## EXERCISE OBJECTIVE
Leave out the images; return the rest of the data exactly.

Stored data entries:
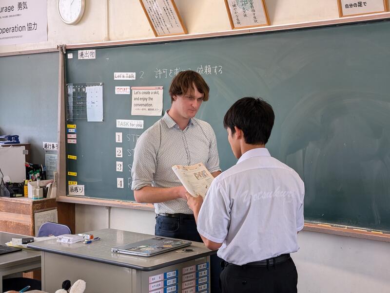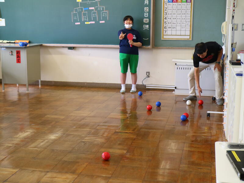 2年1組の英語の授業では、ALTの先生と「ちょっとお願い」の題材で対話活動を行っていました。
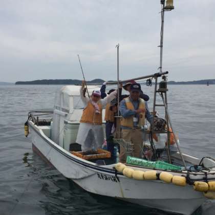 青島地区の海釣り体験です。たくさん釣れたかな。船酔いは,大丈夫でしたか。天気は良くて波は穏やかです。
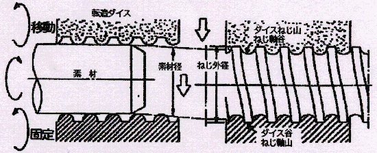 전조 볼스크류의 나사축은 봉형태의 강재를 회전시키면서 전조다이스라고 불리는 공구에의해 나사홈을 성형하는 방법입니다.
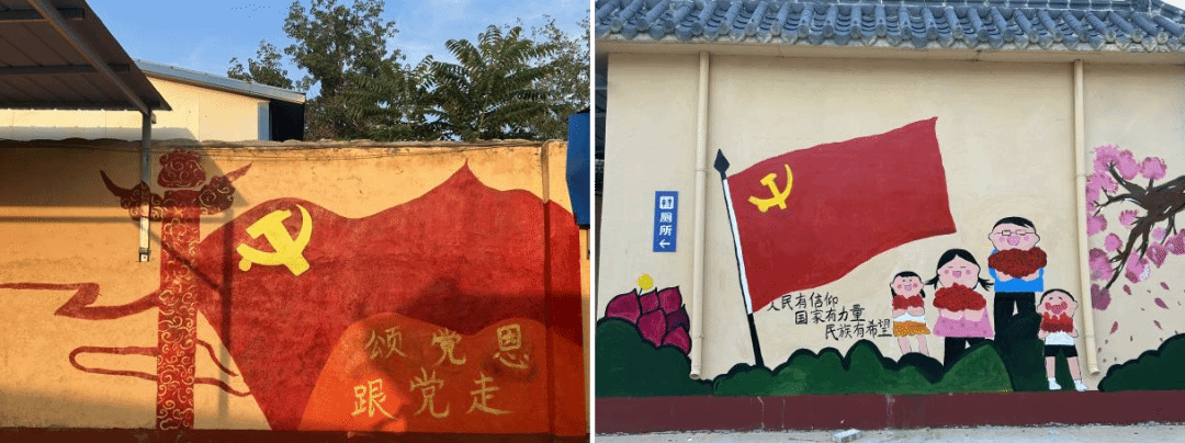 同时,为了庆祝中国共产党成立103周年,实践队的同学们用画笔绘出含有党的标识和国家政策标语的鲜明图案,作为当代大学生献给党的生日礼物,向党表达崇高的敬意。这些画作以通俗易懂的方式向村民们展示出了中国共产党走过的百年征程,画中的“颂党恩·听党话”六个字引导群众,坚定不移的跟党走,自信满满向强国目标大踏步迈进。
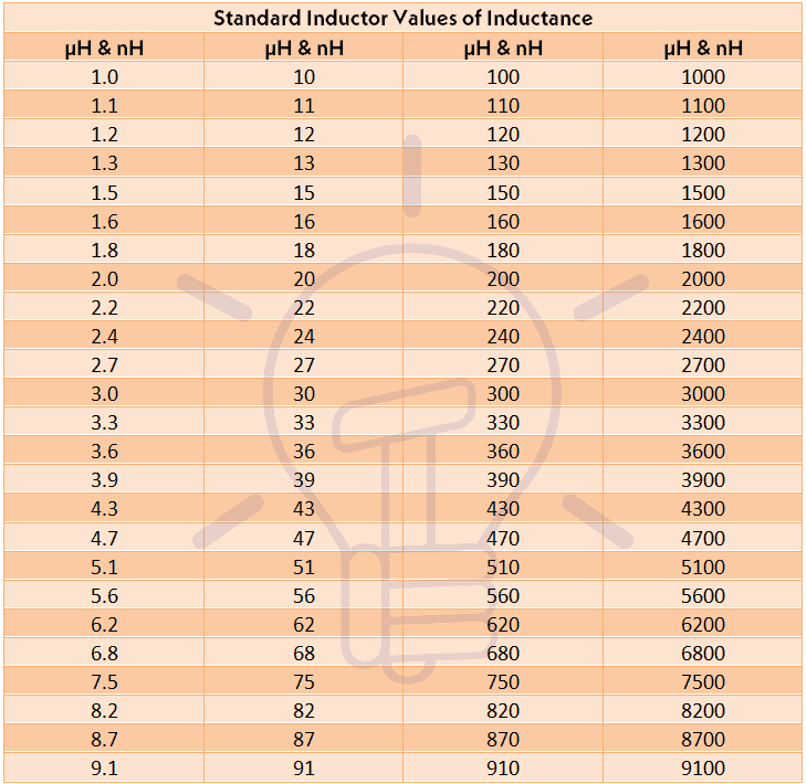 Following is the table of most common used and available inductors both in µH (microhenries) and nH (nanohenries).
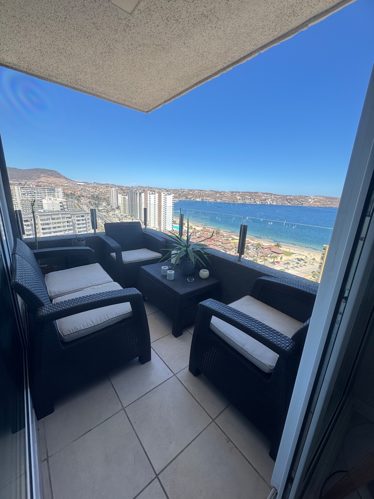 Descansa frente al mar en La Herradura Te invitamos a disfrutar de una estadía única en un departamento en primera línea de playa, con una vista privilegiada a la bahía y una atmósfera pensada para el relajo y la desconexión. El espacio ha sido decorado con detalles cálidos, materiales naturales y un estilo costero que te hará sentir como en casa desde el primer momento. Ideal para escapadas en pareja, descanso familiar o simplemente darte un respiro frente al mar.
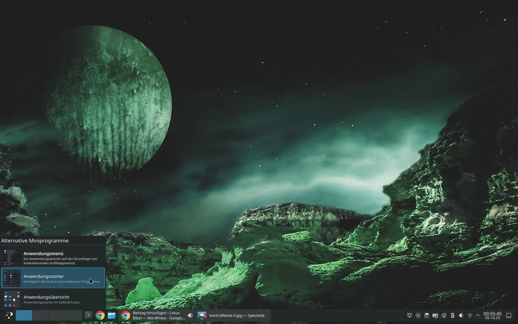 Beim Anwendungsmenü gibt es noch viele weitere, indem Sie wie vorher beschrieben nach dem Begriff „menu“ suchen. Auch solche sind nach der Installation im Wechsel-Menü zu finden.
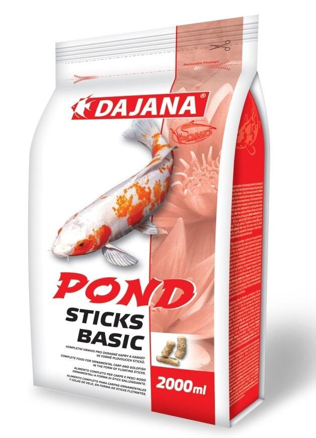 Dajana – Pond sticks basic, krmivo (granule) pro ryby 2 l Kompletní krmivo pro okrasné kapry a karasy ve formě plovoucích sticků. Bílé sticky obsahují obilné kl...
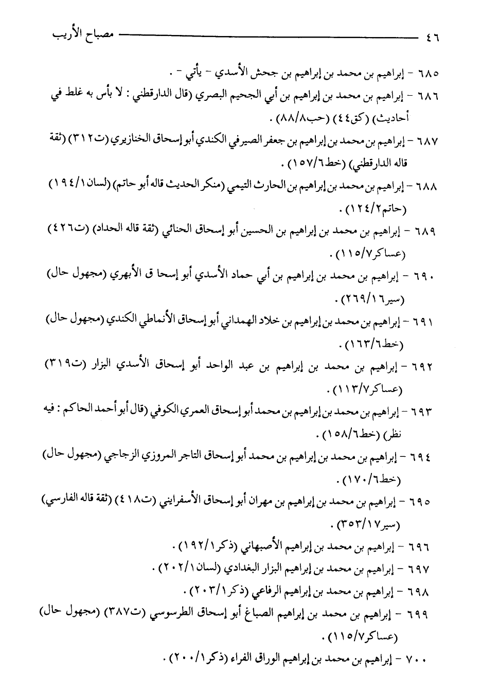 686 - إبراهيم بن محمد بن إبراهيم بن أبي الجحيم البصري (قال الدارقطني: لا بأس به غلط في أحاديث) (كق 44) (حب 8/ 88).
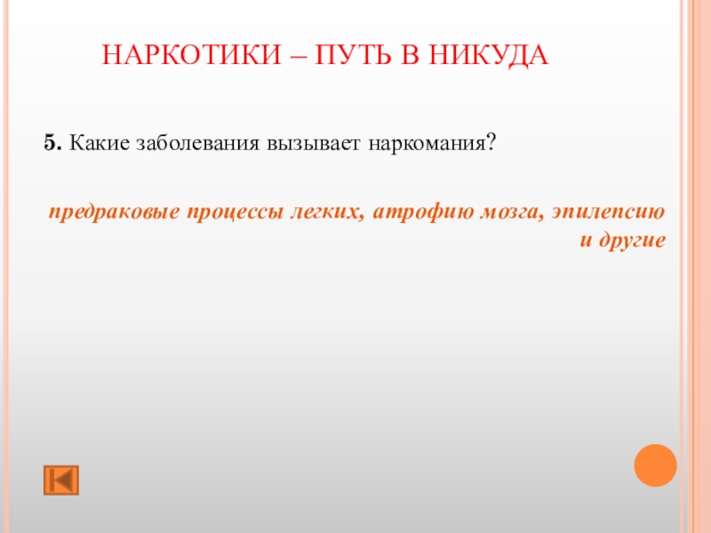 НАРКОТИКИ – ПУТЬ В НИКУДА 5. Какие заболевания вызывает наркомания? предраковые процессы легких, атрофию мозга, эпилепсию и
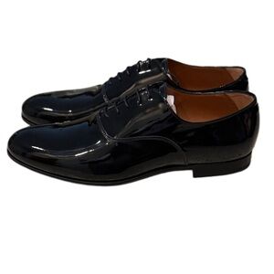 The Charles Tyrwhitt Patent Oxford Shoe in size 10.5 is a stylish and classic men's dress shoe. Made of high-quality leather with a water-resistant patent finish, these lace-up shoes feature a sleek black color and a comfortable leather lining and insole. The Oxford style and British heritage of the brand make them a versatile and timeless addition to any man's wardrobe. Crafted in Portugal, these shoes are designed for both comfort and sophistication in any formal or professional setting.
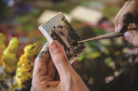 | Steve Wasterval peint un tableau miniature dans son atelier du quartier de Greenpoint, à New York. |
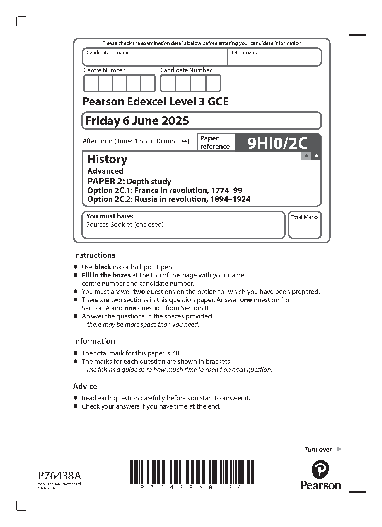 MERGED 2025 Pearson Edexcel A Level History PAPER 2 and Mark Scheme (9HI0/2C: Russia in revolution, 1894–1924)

## FINAL ANSWER
 2年1組の英語の授業では、ALTの先生と「ちょっとお願い」の題材で対話活動を行っていました。
 青島地区の海釣り体験です。たくさん釣れたかな。船酔いは,大丈夫でしたか。天気は良くて波は穏やかです。
 전조 볼스크류의 나사축은 봉형태의 강재를 회전시키면서 전조다이스라고 불리는 공구에의해 나사홈을 성형하는 방법입니다.
 同时,为了庆祝中国共产党成立103周年,实践队的同学们用画笔绘出含有党的标识和国家政策标语的鲜明图案,作为当代大学生献给党的生日礼物,向党表达崇高的敬意。这些画作以通俗易懂的方式向村民们展示出了中国共产党走过的百年征程,画中的“颂党恩·听党话”六个字引导群众,坚定不移的跟党走,自信满满向强国目标大踏步迈进。
 Following is the table of most common used and available inductors both in µH (microhenries) and nH (nanohenries).
 Descansa frente al mar en La Herradura Te invitamos a disfrutar de una estadía única en un departamento en primera línea de playa, con una vista privilegiada a la bahía y una atmósfera pensada para el relajo y la desconexión. El espacio ha sido decorado con detalles cálidos, materiales naturales y un estilo costero que te hará sentir como en casa desde el primer momento. Ideal para escapadas en pareja, descanso familiar o simplemente darte un respiro frente al mar.
 Beim Anwendungsmenü gibt es noch viele weitere, indem Sie wie vorher beschrieben nach dem Begriff „menu“ suchen. Auch solche sind nach der Installation im Wechsel-Menü zu finden.
 Dajana – Pond sticks basic, krmivo (granule) pro ryby 2 l Kompletní krmivo pro okrasné kapry a karasy ve formě plovoucích sticků. Bílé sticky obsahují obilné kl...
 686 - إبراهيم بن محمد بن إبراهيم بن أبي الجحيم البصري (قال الدارقطني: لا بأس به غلط في أحاديث) (كق 44) (حب 8/ 88).
 НАРКОТИКИ – ПУТЬ В НИКУДА 5. Какие заболевания вызывает наркомания? предраковые процессы легких, атрофию мозга, эпилепсию и
 The Charles Tyrwhitt Patent Oxford Shoe in size 10.5 is a stylish and classic men's dress shoe. Made of high-quality leather with a water-resistant patent finish, these lace-up shoes feature a sleek black color and a comfortable leather lining and insole. The Oxford style and British heritage of the brand make them a versatile and timeless addition to any man's wardrobe. Crafted in Portugal, these shoes are designed for both comfort and sophistication in any formal or professional setting.
 | Steve Wasterval peint un tableau miniature dans son atelier du quartier de Greenpoint, à New York. |
 MERGED 2025 Pearson Edexcel A Level History PAPER 2 and Mark Scheme (9HI0/2C: Russia in revolution, 1894–1924)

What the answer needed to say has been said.